Instructions for the task »
Each line from the one with "Make sure you" through the end of the records below should be transcribed exactly, and each picture should be skipped.

Stored items from a collection »
*-*-*
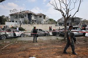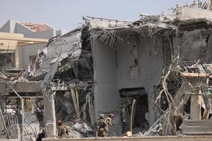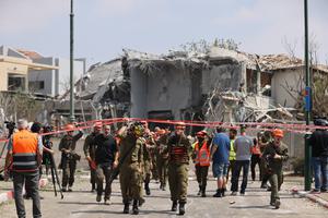 (250623) -- NES ZIONA, 23 junio, 2025 (Xinhua) -- Imagen del 22 de junio de 2025 de trabajadores de emergencias...
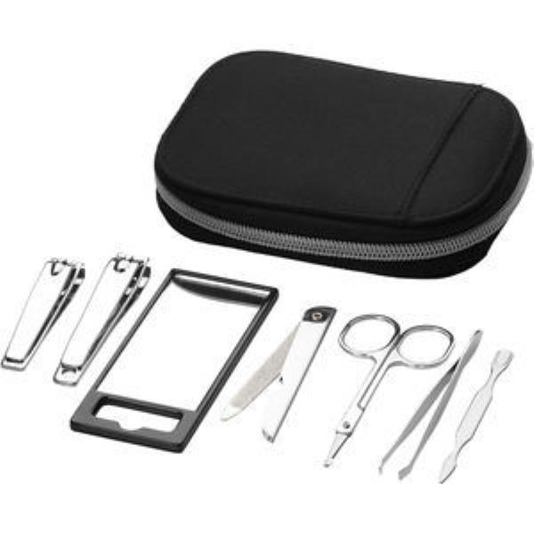 Make sure you always look your best. This set includes a mirror tweezers a nail clipper a toe nail clipper a pair of scissors a nail file and a cuticle tool. The set comes in a handy nylon pouch. Microfiber nylon
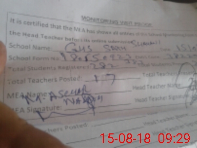 | Certified that this School was Inspected by the Undersigned MEA/DMO Today and the Information Stated Above is as Per Record. | |||||
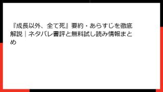 ビジネス実用 『成長以外、全て死』要約・あらすじを徹底解説|ネタバレ書評と無料試し読み情報まとめ
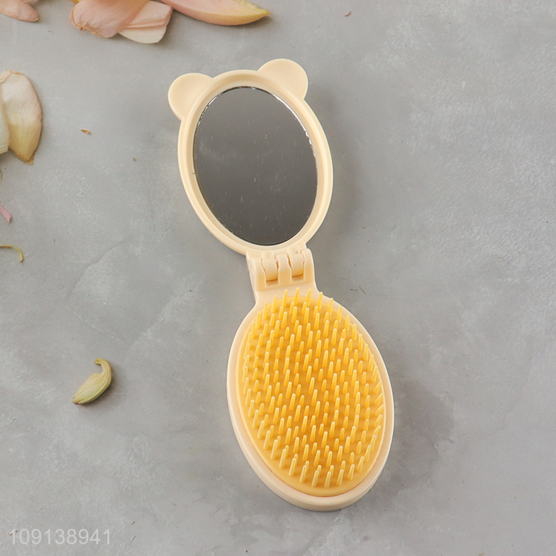 New Arrival Portable Folding Massage Hair Brush with Makeup Mirror
*-*-*
Your solution »
 Make sure you always look your best. This set includes a mirror tweezers a nail clipper a toe nail clipper a pair of scissors a nail file and a cuticle tool. The set comes in a handy nylon pouch. Microfiber nylon
 | Certified that this School was Inspected by the Undersigned MEA/DMO Today and the Information Stated Above is as Per Record. | |||||
 ビジネス実用 『成長以外、全て死』要約・あらすじを徹底解説|ネタバレ書評と無料試し読み情報まとめ
 New Arrival Portable Folding Massage Hair Brush with Makeup Mirror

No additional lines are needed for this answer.